Requirement: Restate the listing below word for word, omitting any images.

Material provided:
□ □ □ □ □ □ □
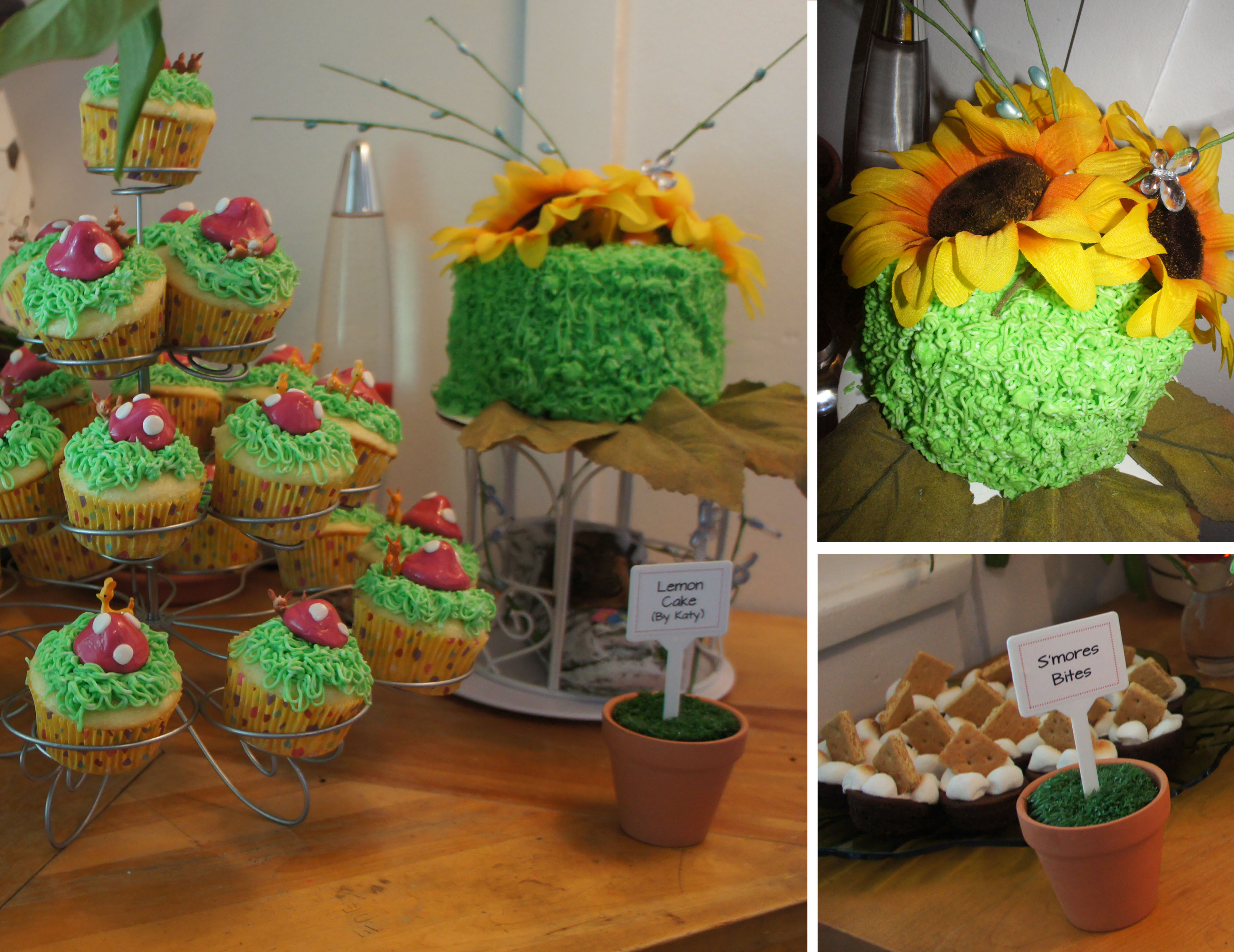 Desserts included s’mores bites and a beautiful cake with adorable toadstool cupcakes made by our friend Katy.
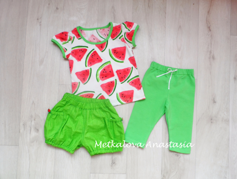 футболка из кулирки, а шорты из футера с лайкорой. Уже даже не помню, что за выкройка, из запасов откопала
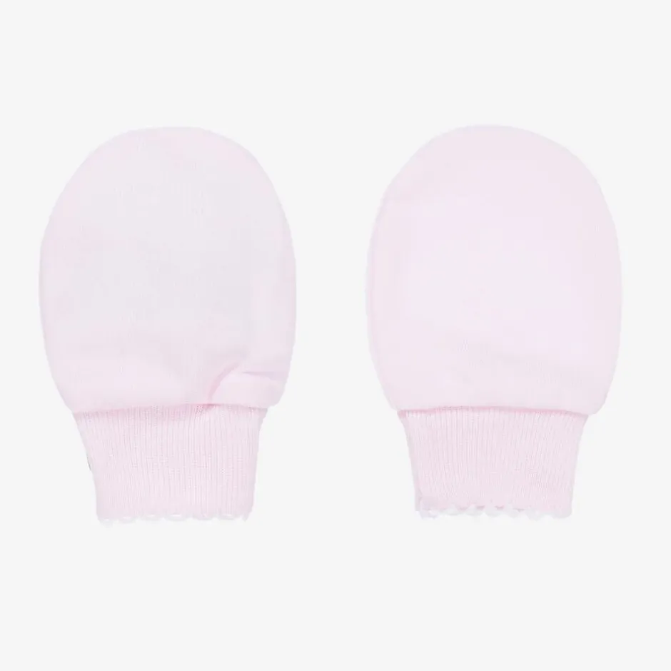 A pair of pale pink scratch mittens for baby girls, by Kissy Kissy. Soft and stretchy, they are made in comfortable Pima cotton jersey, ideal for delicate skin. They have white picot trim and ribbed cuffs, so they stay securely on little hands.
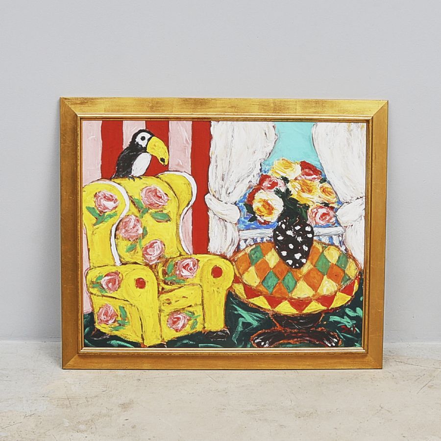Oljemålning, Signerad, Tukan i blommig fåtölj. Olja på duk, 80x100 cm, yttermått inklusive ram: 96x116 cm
□ □ □ □ □ □ □
Solved problem:
 Desserts included s’mores bites and a beautiful cake with adorable toadstool cupcakes made by our friend Katy.
 футболка из кулирки, а шорты из футера с лайкорой. Уже даже не помню, что за выкройка, из запасов откопала
 A pair of pale pink scratch mittens for baby girls, by Kissy Kissy. Soft and stretchy, they are made in comfortable Pima cotton jersey, ideal for delicate skin. They have white picot trim and ribbed cuffs, so they stay securely on little hands.
Oljemålning, Signerad, Tukan i blommig fåtölj. Olja på duk, 80x100 cm, yttermått inklusive ram: 96x116 cm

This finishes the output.